But the more I listen, the hollower it gets. I'm starting to wonder about her, and wonder why Tillman was bothered enough to write an entire song about her. She's just a kid, saying stuff she'll remember in her thirties with a shudder. What's *his* problem?

Even at your meanest, Elvis, you always seemed to be criticizing the institutions/culture that have created the subjects of your ire, more than the people themselves. The silly person was part of something biggerthe "doll revolution" that had inspired her to "tear off her own head." She doesn't escape blame entirely, but criticizing her is not the whole point.

Maybe it's not Tillman's whole point either, but it seems like most of it. And he really seems to enjoy making it. Maybe that's okaymaybe it's just a funny, catchy tunebut, for me, it comes with a side of ick.

hb

UPDATE, weeks later:  I no longer feel the ick. What I've realized is that so much of the album is loving and devoted and almost sickly sweet (never an issue for you, Elvis), so in the context of the whole album, songs like this provide some balance. Together, the songs provide a portrait of an asshole falling in love, and this song is the "before" picture.

Wednesday, March 11, 2015

Do you have a night doula or some shit?


Hey Elvis,

I'm tired.

Maisie's head is filled with so much mucus she can't breathe, and when a person can't breathe, a person can't sleepespecially a person who is too young for NyQuil.

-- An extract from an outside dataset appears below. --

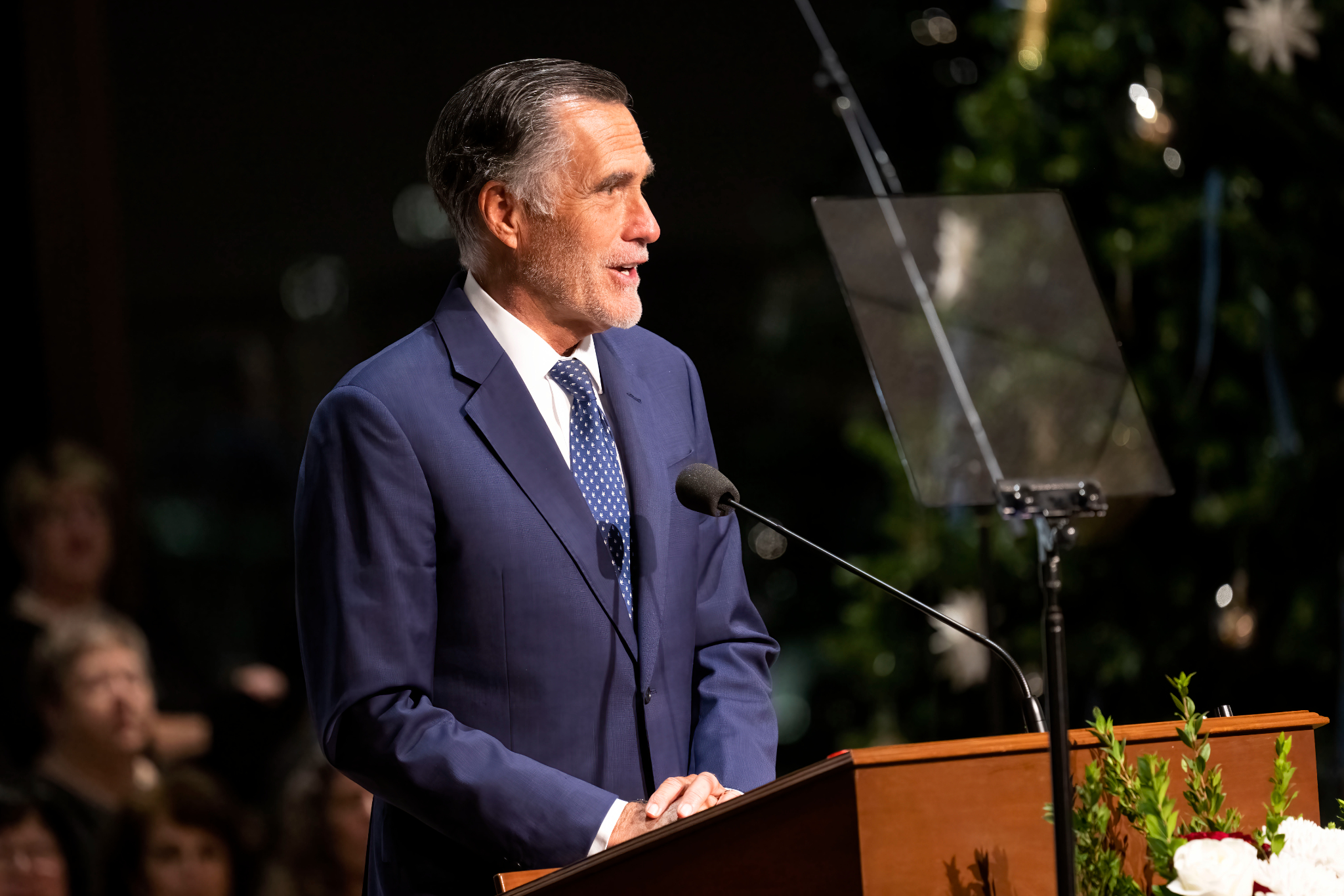 The lighting ceremony included J.W. “Bill” Marriott and his wife, Donna Marriott, and the Washington D.C. Temple Choir. Everyone joined in singing Christmas carols together. During the program, Utah Senator Mitt Romney introduced Ambassador Mirpuri; Bill Marriott introduced Elder Cook.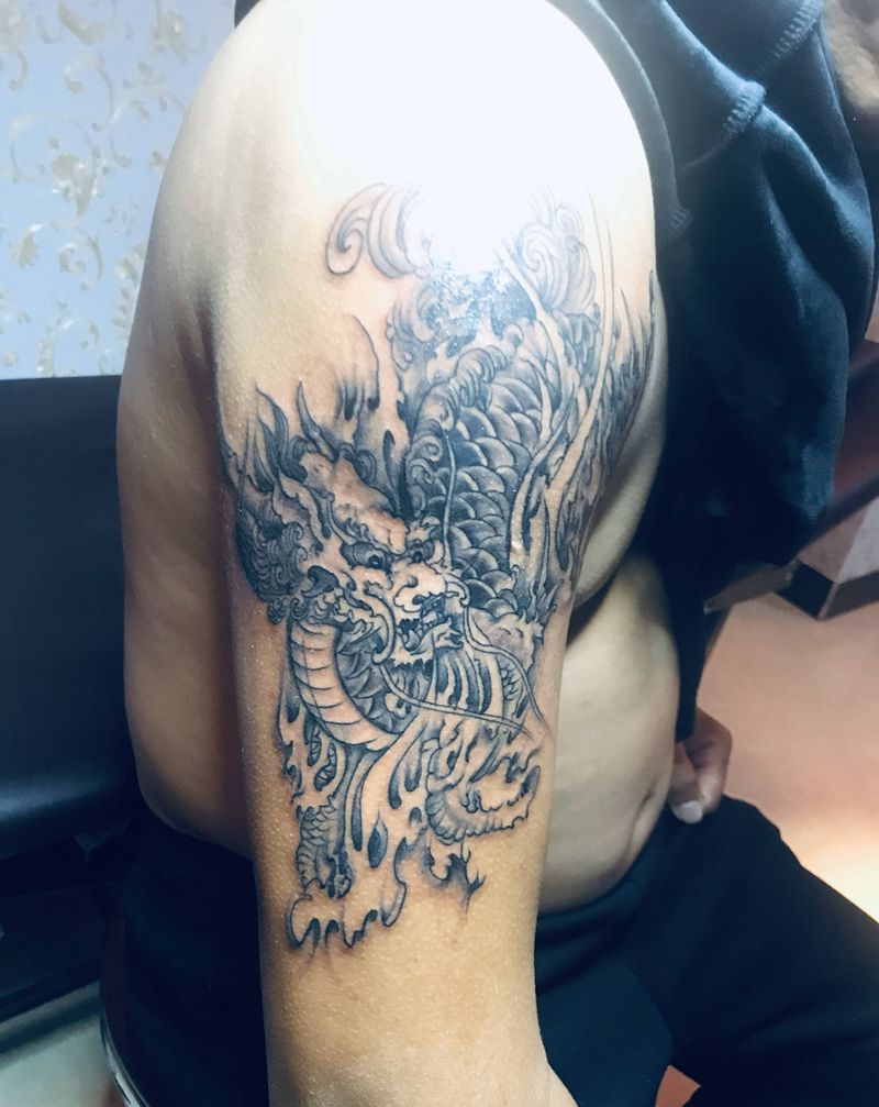 • T网红王老大花腿龙纹身图片_腿部新传统纹身图案

I haven't been this tired since the early days, the first six months that my memory has retained mostly as a series of 10-second clips:  her tiny wrinkly face, hiccuping; a white-noise app on an iPhone in an otherwise pitch-black room; her body shaking in my arms, screaming, fists at her face.

At six months we sleep-trained her, against the advice of the attachment-parenting books that had been our lifelinesand overnight, I felt like myself again. Sleep is a big deal, Elvis. I haven't taken it for granted since. Every night as I get under the covers, secure in the likelihood that I won't have to wake up until 6a.m., I can feel a half-smile flitting across my face.

But now the mucus has descended, and I'm back in the fog.

It's not the same, of course; I don't have to breastfeed for hours every night. And it was scarier then, because I didn't know what I was doing, and I didn't know if I could handle it. But physically it feels the same. Some mysterious extra-strength gravity is pulling at my limbs; my thoughts feel like they're wandering in the dark, groping desperately for their own logical conclusions. It was hard then and it's hard again, Elvis.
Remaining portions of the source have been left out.